Im Rahmen der Suizidpräventionsstrategie hatte die Bundesregierung vorgeschlagen, die bestehenden Beratungs- und Kooperationsangebote bundesweit zu koordinieren und eine zentrale Notrufnummer – etwa die 113 – einführen. Fachkräfte im Gesundheitswesen und der Pflege sollten besonders geschult werden. Auch die Forschung soll ausgebaut werden. Zudem soll der Zugang zu Mitteln und Orten für einen Suizidversuch wie Gleisanlagen, Brücken und Hochhäusern eingeschränkt werden.
Das alles bleibt bislang unverbindlich. Präventionsexperten fordern deshalb klare gesetzliche Regelungen und eine verbindliche Finanzierung. Schuch präzisierte am Montag, der Diakonie gehe es insbesondere um die Telefonseelsorge, den Ausbau der psychiatrisch-psychosozialen Krisendienste sowie einen präventiven Hausbesuch ab 75 Jahren.

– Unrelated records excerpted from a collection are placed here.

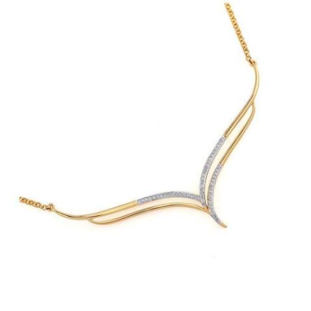 Ekskluzywny naszyjnik z brylantami. Brylanty o masie 0,18ct czystości SI i barwie H. Kamienie posiadają certyfikat autentyczności. Żółte złoto próby 585.
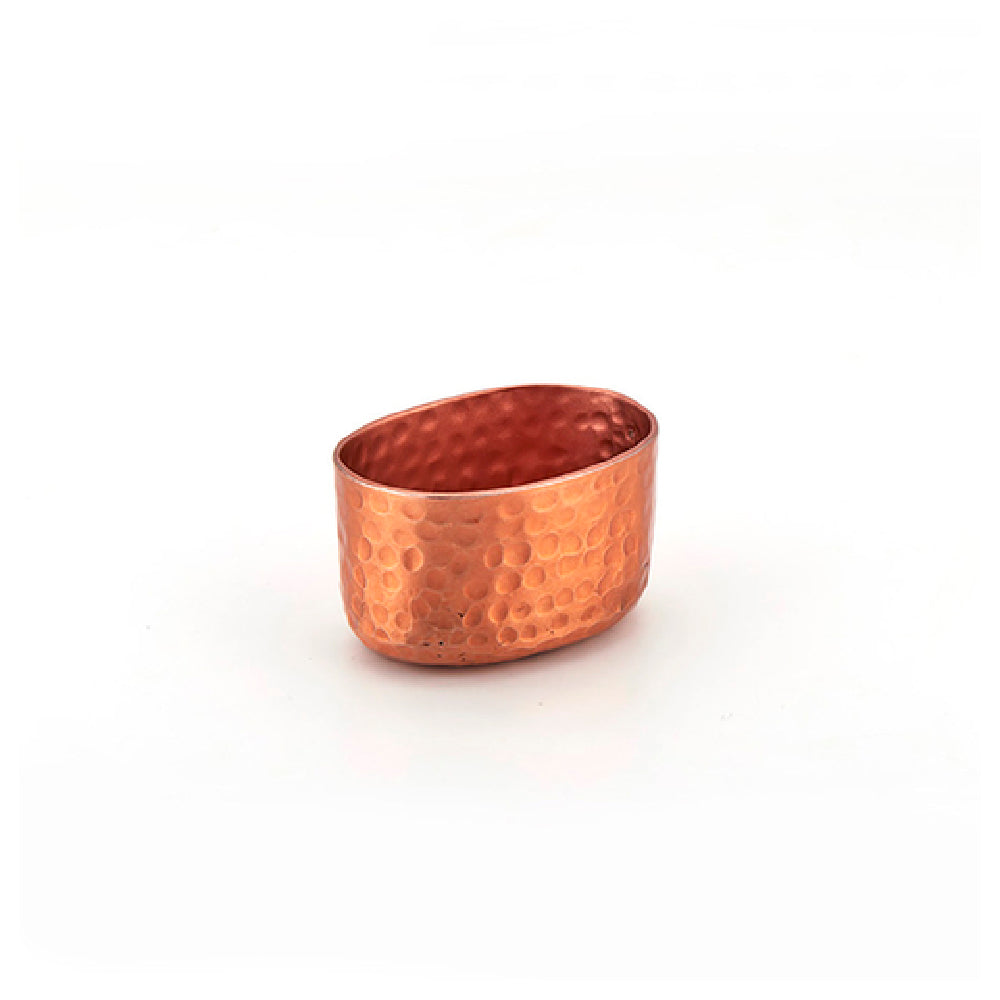 This sugar packet holder is engineered for commercial foodservice with its hammered aluminum construction offering durability against daily handling. Its 6 oz. capacity efficiently manages typical sugar packet supplies, while the oval shape facilitates easy access and organization. The copper finish imparts an attractive visual appeal ideal for stylish beverage stations. Easy to clean by hand wash-only process, the unit integrates seamlessly into countertop setups for high-volume service workflows, supporting quick replenishment and maintaining presentation standards.
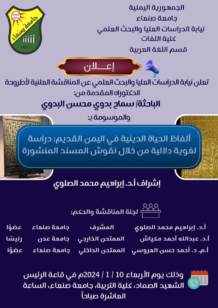 ألفاظ الحياة الدينية في اليمن القديم:دراسة لغوية دلالية من خلال نقوش المُسند المنشورة
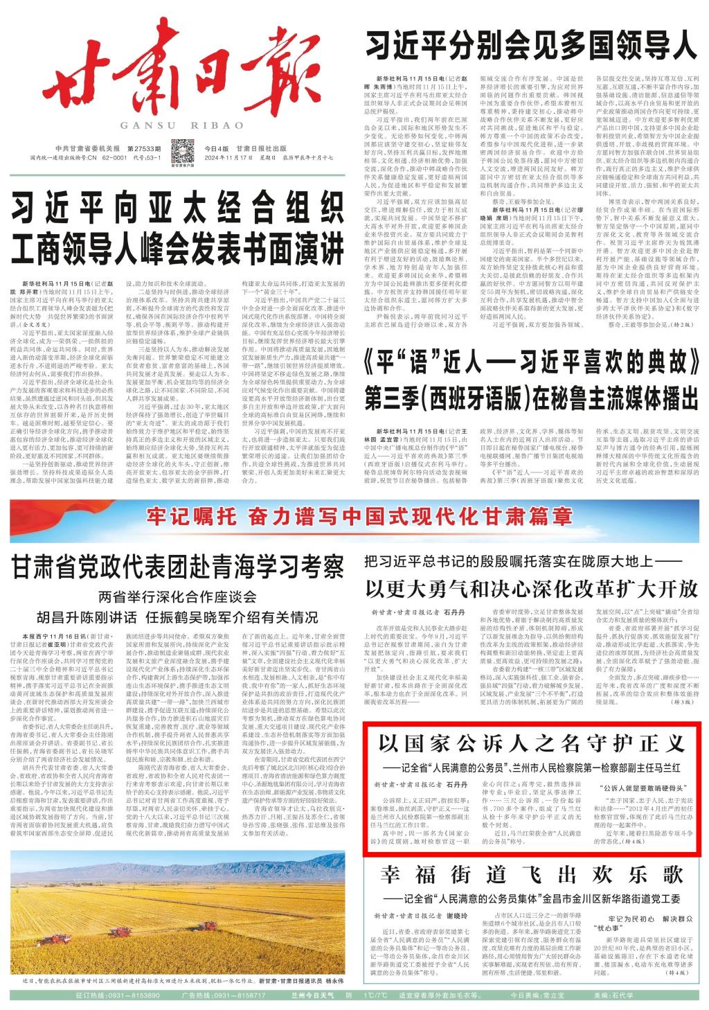 2024年11月17日,甘肃日报头版刊发《以国家公诉人之名守护正义——记全省“人民满意的公务员”、兰州市司机社

Auch die katholische Kirche will verbindliche Regelungen. Sie fordert wie die Diakonie, die Suizidvorbeugung auch im Bereich von Altenhilfe und Medizin zu verbessern, etwa durch Palliativmedizin und Hospizarbeit.
Der Leiter des Nationalen Suizidpräventionsprogramms (Naspro), Reinhard Lindner, sagte am Montag der KNA, Menschen mit Suizidabsicht benötigten schnelle therapeutische Hilfe und längerfristig helfende Beziehungen. Es gebe in Deutschland bereits vielfältige niedrigschwellige Hilfen für suizidale Menschen und ihre Angehörigen. “Aber sie hangeln sich von einem Fördertopf zum anderen und sind finanziell oft am Limit.” Auch das Naspro, das sich als bundesweites Netzwerk von Experten zur Förderung der Suizidprävention versteht, werde nicht kontinuierlich gefördert.

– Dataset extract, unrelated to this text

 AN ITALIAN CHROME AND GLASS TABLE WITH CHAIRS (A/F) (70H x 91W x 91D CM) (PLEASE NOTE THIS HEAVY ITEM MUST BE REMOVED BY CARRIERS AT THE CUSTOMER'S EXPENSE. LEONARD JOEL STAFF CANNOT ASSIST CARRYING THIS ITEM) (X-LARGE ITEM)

Lindner begrüßte grundsätzlich die Anstrengungen der Bundesregierung, ressortübergreifend die Suizidvorbeugung zu verbessern. Es gebe allerdings Hinweise, dass dafür lediglich 13 Millionen Euro jährlich bereitgestellt werden sollten. Laut Naspro sind mindestens 20 Millionen Euro nötig.